Recent advances in brain-computer interfaces (BCI) have shown that it is possible for a person to control a robotic arm through implanted brain sensors linked to powerful external computers. However, such devices have relied on wired connections, which pose infection risks and restrict movement, or were wireless but had very limited computing power.
Building on this line of research, David Borton, Ph.D., and Ming Yin, Ph.D., of Brown University, Providence, R.I., and colleagues surmounted several major barriers in developing their sensor. To be fully implantable within the brain, the device needed to be very small and completely sealed off to protect the delicate machinery inside the device and the even more delicate tissue surrounding it. At the same time, it had to be powerful enough to convert the brain’s subtle electrical activity into digital signals that could be used by a computer, and then boost those signals to a level that could be detected by a wireless receiver located some distance outside the body. Like all cordless machines, the device had to be rechargeable, but in the case of an implanted brain sensor, recharging must also be done wirelessly.
The researchers consulted with brain surgeons on the shape and size of the sensor, which they built out of titanium, commonly used in joint replacements and other medical implants. They also fitted the device with a window made of sapphire, which electromagnetic signals pass through more easily than other materials, to assist with wireless transmission and inductive charging, a method of recharging also used in electronic toothbrushes. Inside, the device was densely packed with the electronics specifically designed to function on low power to reduce the amount of heat generated by the device and to extend the time it could work on battery power.

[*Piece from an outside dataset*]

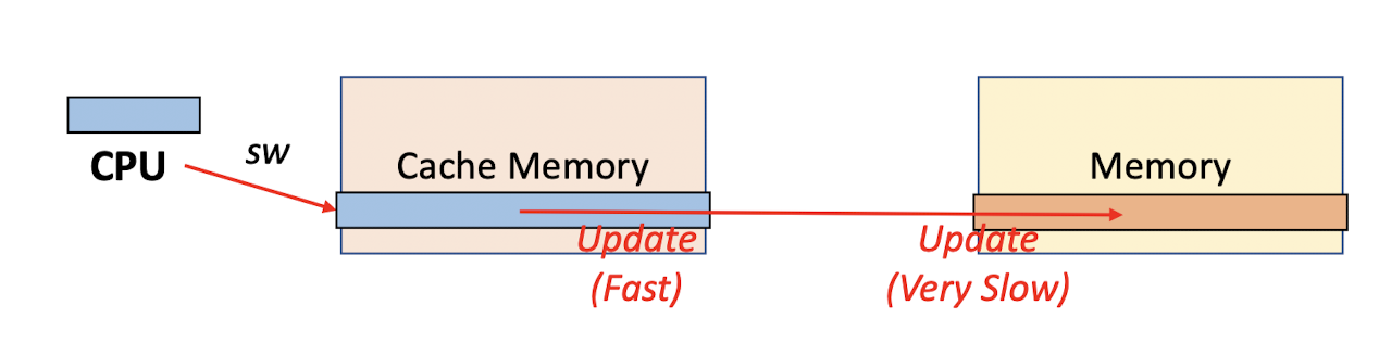 - cache memory에 sw하자마자(main memory와의 차이가 생기기 전에) -> main memory도 업데이트해주는 것

Testing the device in animal models — two pigs and two rhesus macaques — the researchers were able to receive and record data from the implanted sensors in real time over a broadband wireless connection. The sensors could transmit signals more than three feet and have continued to perform for over a year with little degradation in quality or performance.
The ability to remotely record brain activity data as an animal interacts naturally with its environment may help inform studies on muscle control and the movement-related brain circuits, the researchers say. While testing of the current devices continues, the researchers plan to refine the sensor for better heat management and data transmission, with use in human medical care as the goal.
“Clinical applications may include thought-controlled prostheses for severely neurologically impaired patients, wireless access to motorized wheelchairs or other assistive technologies, and diagnostic monitoring such as in epilepsy, where patients currently are tethered to the bedside during assessment,” said Borton.